Entre accompagnement et conseil : quel positionnement pour le référent ASE quand la décision que doit prendre un parent entraine un risque potentiel pour l’enfant ?

Nouvel avis du CNADE (Comité National des Avis Déontologiques et Ethiques) :

Le père d’un garçon de 5 ans affecté par des troubles du développement et confié à une famille d’accueil au titre de la Protection de l’Enfance, apprend, suite à des examens médicaux pratiqués, avec son accord, sur son fils que ce dernier est porteur d’une anomalie génétique peut-être à l’origine de ses troubles. La mère a été destituée de ses droits et est sans adresse connue.

Le médecin invite le père à envisager un bilan génétique aux fins de savoir s’il en est, lui aussi, porteur.

Ce père avait antérieurement fait savoir au référent ASE que, s’il apprenait qu’il n’était pas le père de cet enfant, il couperait tout lien avec lui. Il lui demande aujourd’hui conseil pour prendre sa décision.

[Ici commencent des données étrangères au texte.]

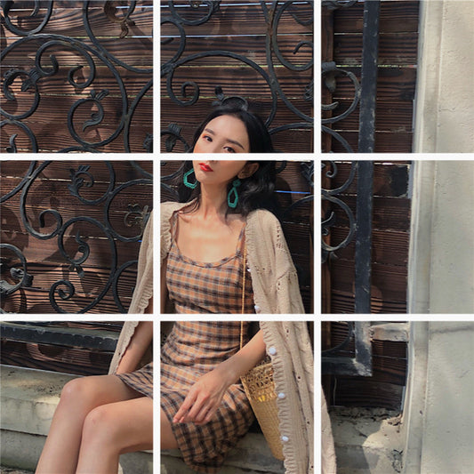 Bursting dress, women's dress, sling skirt, grid stitching, Chiffon Dress
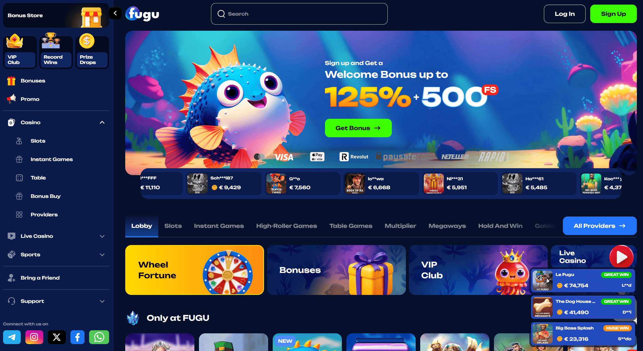 Maksājuma metodes Fugu Casino ir pielāgotas mūsdienu spēlētājam. Pieejamas tradicionālās bankas kartes, e-maki un dažkārt arī kriptovalūtas. Tas dod elastību – vari izvēlēties to, kas tev šķiet drošākais un ērtākais.

Dès lors, l’assistante sociale se sent prise dans un dilemme : sa crainte est, que si l’examen révèle qu’il n’est pas porteur de cette anomalie, il pourrait « abandonner » l’enfant, mais que s’il ne se soumet pas à cet examen il pourrait, dans le cas contraire, la transmettre dans l’hypothèse d’une nouvelle paternité.

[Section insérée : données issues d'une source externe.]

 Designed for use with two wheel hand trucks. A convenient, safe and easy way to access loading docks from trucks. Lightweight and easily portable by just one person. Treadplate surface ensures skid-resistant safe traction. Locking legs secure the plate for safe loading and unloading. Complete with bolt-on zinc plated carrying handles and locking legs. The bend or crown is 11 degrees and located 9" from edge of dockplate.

Dans son avis, le CNADE explore les voies possibles pour s’extraire de ce dilemme :

  • Se dégager de la confusion entre examen génétique et test de paternité.
  • Etablir une distinction entre lien biologique de conception (géniteur) et paternité pensée comme construction sociale, pratique éducative et vécu psycho-affectif.
  • Se soucier de l’intérêt de l’enfant, conformément à la mission de protection, tout en cheminant au côté de monsieur pour explorer avec lui son « vouloir être père » et l’aider à prendre sa propre décision.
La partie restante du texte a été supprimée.